Focus on PTSD
Since PTSD is a condition more commonly associated with combat veterans, civilians in war zones or survivors of terrorist attacks, it was a little surprising to read that glamour model and businesswoman Katie Price has been diagnosed with PTSD and prescribed a 28-day treatment at the Priory with curfew and social media ban.
Factors that may have contributed to her symptoms include a stressful divorce, knowledge that her mother has a terminal illness, severe debt problems (with talk of bankruptcy and homelessness), media revelations of continuing cocaine abuse, and a general sense of impending failure leading to high anxiety. The prospect of losing her celebrity and her ability to pay for her lifestyle could in her mind be the equivalent of a near-death experience.
Former Spice Girl Mel B praised Katie Price for revealing her diagnosis to the media. ‘I’ve openly admitted that I’ve suffered from PTSD, and it’s an ongoing thing,’ Mel B said. ‘It’s a condition you have to acknowledge and I commend her for saying that out loud. It’s hard in the public eye. I had to read about it and then I got diagnosed. Mine came in flashbacks and nightmares, and really bad anxiety, based around things that would trigger me off, or things that would make me feel so suffocated in my emotions that I couldn’t even move or talk. It’s good to be able to acknowledge it and know how you can deal with it.’
One of Addcounsel’s clinicians, Dr Mohammed Alsaidi, who is a consultant psychiatrist and clinical lead for addiction services in three London boroughs, believes that PTSD can be a useful diagnosis for some patients, but recommends caution.
‘PTSD usually arises from a near-death experience or near-death situation,’ he says. ‘However, we have lots of cases where someone has sustained a trauma – it could be a physical or emotional trauma, any form of trauma that could make them have the symptomology of PTSD, not necessarily near-death. So, for example, someone who has been frightened emotionally could have symptoms of PTSD such as flashbacks, nightmares, hypervigilance, and insomnia. Because they are emotionally sensitive, they took that trauma to heart. Usually, trauma happens when there is a loud noise associated with it. In war, it is the noise of explosions that will make them hypervigilant or with a car crash it could be the noise of impact. You might not see that much of the emotional trauma someone has suffered, but it could be there as an association of heightened anxiety. You might not have the full symptomology of PTSD, only part of it.
‘Sometimes a diagnosis of PTSD is given in order to emphasise that the patient is facing a serious crisis, not just a more simple behavioural issue. We see lots of ladies who have been raped and have been diagnosed with PTSD, because you want the patient to get proper treatment. Some women who have been raped felt they were going to die.’
Threats from people (including on social media) can also cause people to think they are going to die. ‘Fear is huge, especially for celebrities on the borderline. The anxiety is so huge that it can lead to PTSD.’
Dr Alsaidi says that great care has to be taken in giving a diagnosis of PTSD in the context of a medical assessment. ‘If the patient agrees that their symptoms are similar to those of PTSD and that the diagnosis is useful in terms of treatment, management and follow-up, then I will give them that diagnosis.’
‘Unless a diagnosis of PTSD is given, a patient will sometimes not give sufficient attention to an incident in their life which they need to address. It enables the patient to take their condition more seriously. It’s like addiction, which the medical profession used to say was a behavioural problem, but which now, because of neuro-scientific advances in America, we have started to recognise as a disease. When you say something is a disease, a patient will take it more seriously and understand that it is a long-term, chronic problem. If you don’t say it’s a disease, they might say it’s a behaviour and will disappear within weeks, and then they could continue with their addiction problem for another 20 years. It’s the same concept with PTSD: you make people vigilant about their condition. Nobody likes the diagnosis, but they would like to be helped or to help themselves, and to be aware of how much they are in trouble.

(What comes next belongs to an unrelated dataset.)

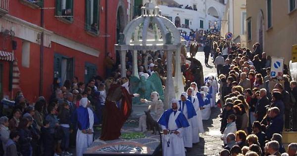 Un rito fortemente identitario, che affonda le radici alla fine del Sedicesimo Secolo e che coinvolge migliaia di isolani: dopo due anni di stop causato dalla pandemia da Covid-19, venerdì 15 aprile torna a Procida la Processione dei Misteri, inserita quest'anno nel programma della Capitale Italiana della Cultura 2022. La costruzione dei Misteri, manufatti artistici ispirati ad episodi del Vecchio e Nuovo Testamento e realizzati con vari materiali (cartapesta, legno e altri materiali poveri, con una particolare attenzione al riuso), è stata avviata nei mesi scorsi e ha dato vita a 30 tavole, che saranno portate a braccio attraverso il centro dell'isola, dal borgo di Terra Murata a Marina Grande.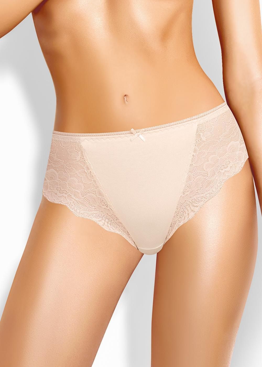 Трусы слипы женские из эластичного хлопкового полотна. По переду рез с кружевными вставками. Обработка краев по талии и ноге ажурная резинка (точечный зигзаг). По переду атласный бант.

Not every patient is able to cope with a diagnosis of PTSD. The knowledge that they have a disease might be de-motivating for some because they might begin to think recovery is not possible. ‘We have to be very careful about what we say because everything we say to a patient could stay in their memory for a long time. We are much more careful than before in giving a diagnosis, because the consequences can be dire.’
‘Educating people is important in bringing them to treatment,’ says Dr Alsaidi. If a client recognises their symptoms as being those of a PTSD sufferer, as Mel B did when she read about it, or as others might do in reading about Katie Price’s predicament, then they will want to discuss it with their clinician.
As Mel B said: ‘You want to still live a fulfilled life, but you also want to recognise what you’ve experienced, and not just shut it off.’